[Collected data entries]

= Beginning of Section =

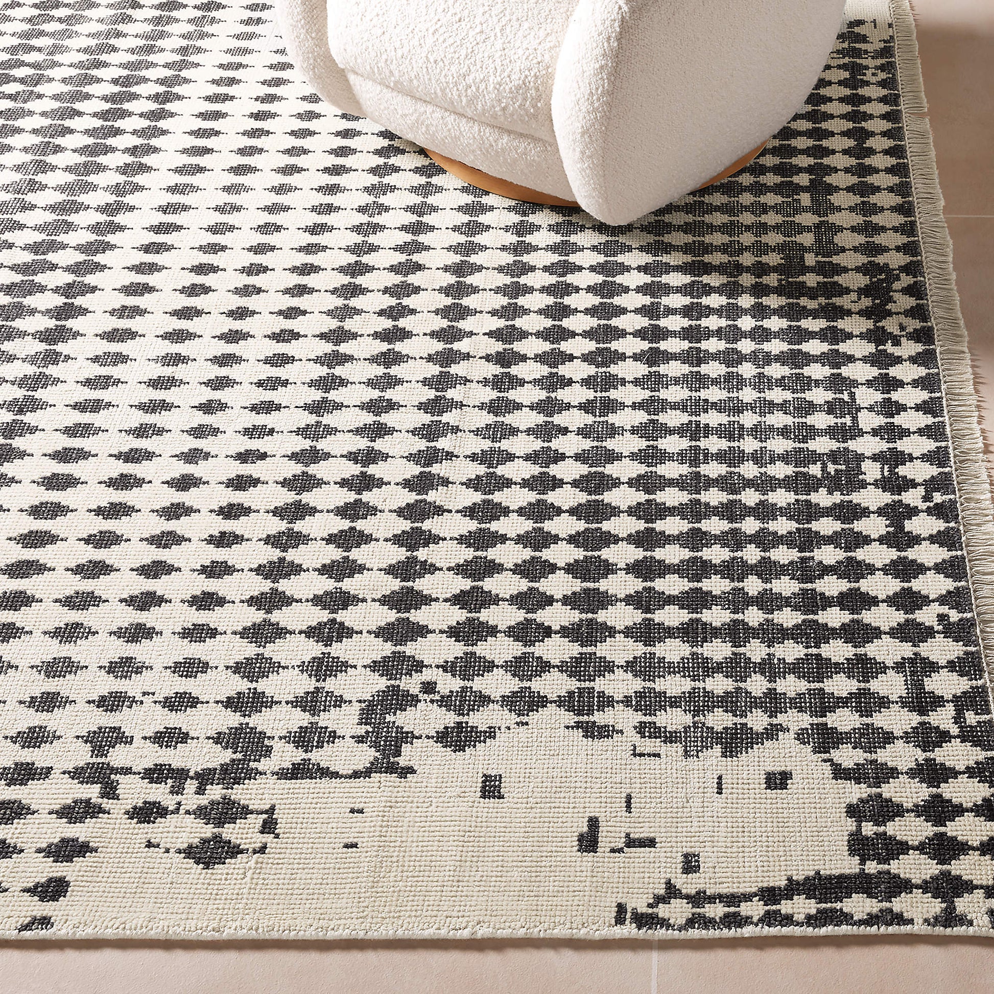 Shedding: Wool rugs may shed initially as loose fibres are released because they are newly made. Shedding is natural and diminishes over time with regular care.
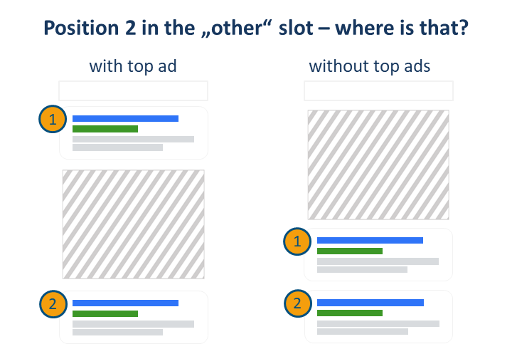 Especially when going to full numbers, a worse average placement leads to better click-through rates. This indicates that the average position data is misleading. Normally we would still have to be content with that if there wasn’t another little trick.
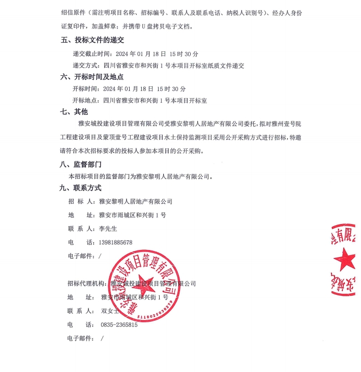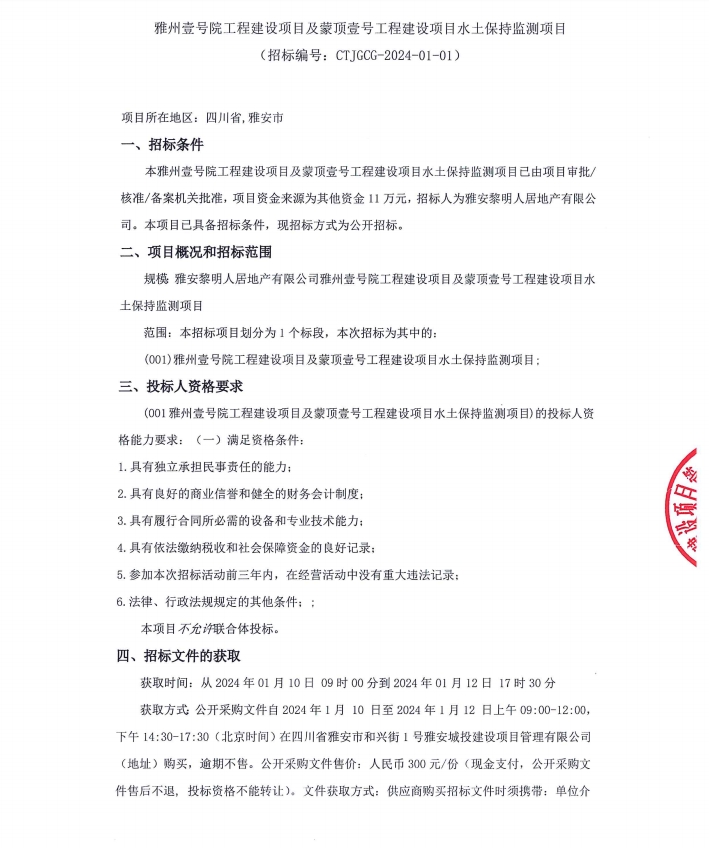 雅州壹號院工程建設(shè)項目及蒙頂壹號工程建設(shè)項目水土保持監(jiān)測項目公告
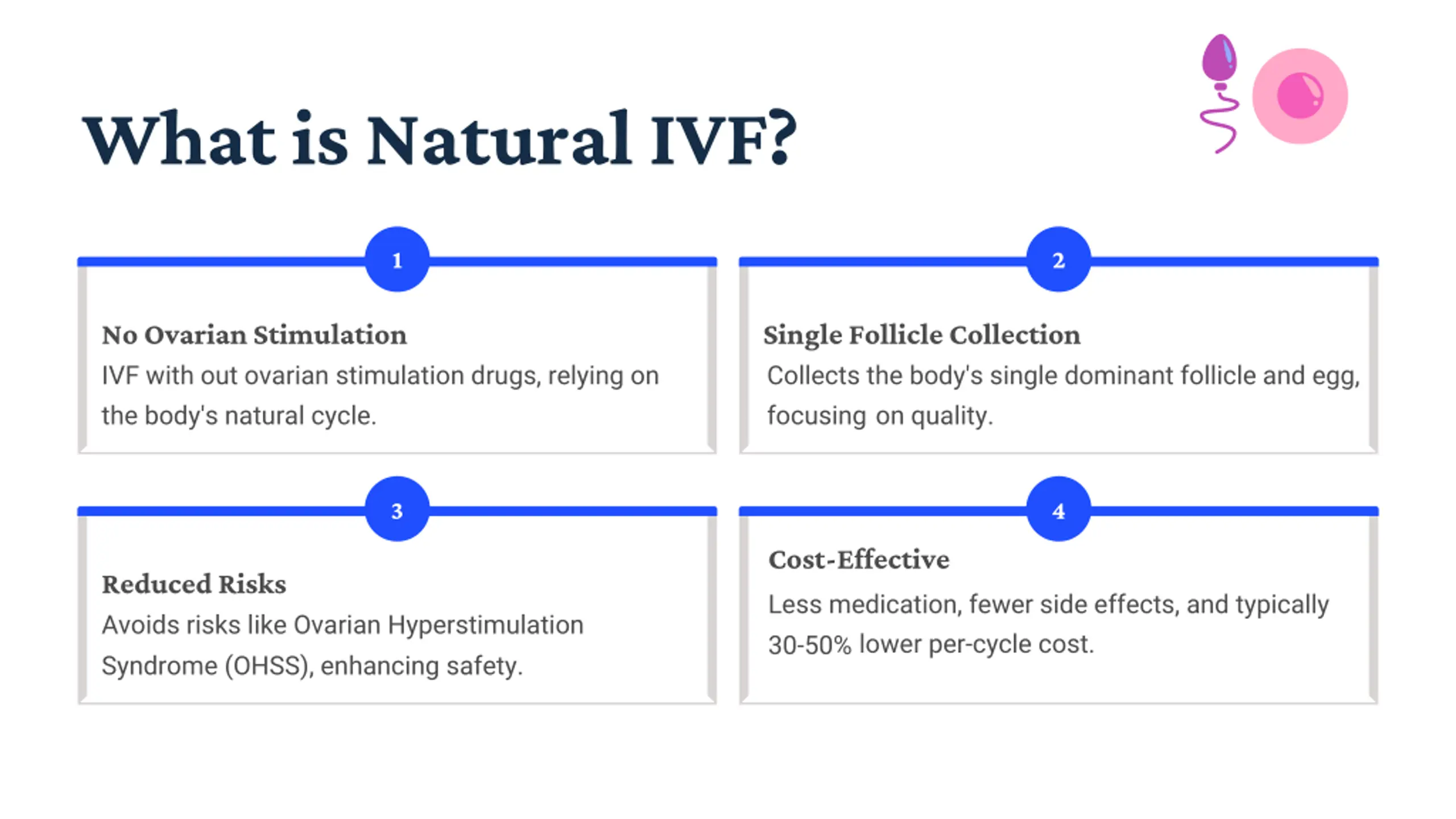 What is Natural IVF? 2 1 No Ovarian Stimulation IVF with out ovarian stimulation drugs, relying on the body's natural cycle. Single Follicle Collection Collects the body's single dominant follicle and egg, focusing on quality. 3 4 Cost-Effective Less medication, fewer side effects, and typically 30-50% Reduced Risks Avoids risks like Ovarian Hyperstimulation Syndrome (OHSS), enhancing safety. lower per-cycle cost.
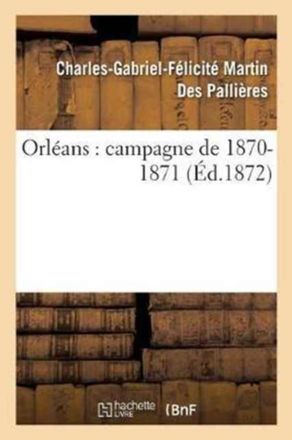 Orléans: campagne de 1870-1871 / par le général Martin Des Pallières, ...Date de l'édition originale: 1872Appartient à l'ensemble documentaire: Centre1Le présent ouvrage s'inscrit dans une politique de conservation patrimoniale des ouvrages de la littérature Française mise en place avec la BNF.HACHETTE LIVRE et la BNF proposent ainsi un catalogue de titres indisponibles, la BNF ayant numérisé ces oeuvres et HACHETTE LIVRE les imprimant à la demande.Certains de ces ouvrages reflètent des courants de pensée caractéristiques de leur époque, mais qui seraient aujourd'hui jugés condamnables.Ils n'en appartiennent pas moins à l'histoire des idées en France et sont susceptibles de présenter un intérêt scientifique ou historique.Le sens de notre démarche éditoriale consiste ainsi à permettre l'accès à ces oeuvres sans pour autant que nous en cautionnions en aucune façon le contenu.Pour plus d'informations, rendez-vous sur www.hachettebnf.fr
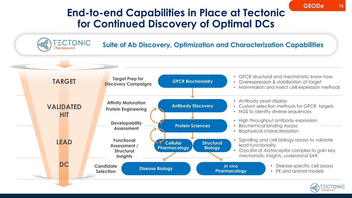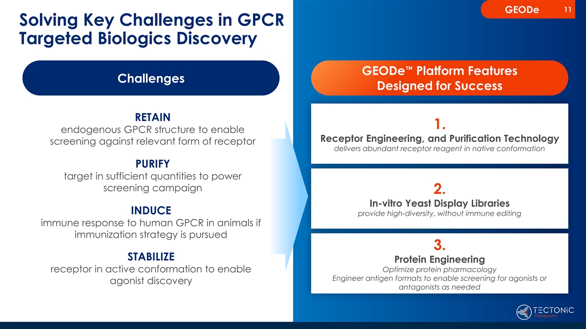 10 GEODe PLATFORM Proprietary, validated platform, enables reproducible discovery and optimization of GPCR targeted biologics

= End of Section =

* WORK ITEM:
After locating "雅州壹號院工程建設(shè)" and "What is Natural" in the records above, return exactly the line holding each one and every line between them; leave out the pictures.

* ANSWER FOR THIS EXERCISE:
 雅州壹號院工程建設(shè)項目及蒙頂壹號工程建設(shè)項目水土保持監(jiān)測項目公告
 What is Natural IVF? 2 1 No Ovarian Stimulation IVF with out ovarian stimulation drugs, relying on the body's natural cycle. Single Follicle Collection Collects the body's single dominant follicle and egg, focusing on quality. 3 4 Cost-Effective Less medication, fewer side effects, and typically 30-50% Reduced Risks Avoids risks like Ovarian Hyperstimulation Syndrome (OHSS), enhancing safety. lower per-cycle cost.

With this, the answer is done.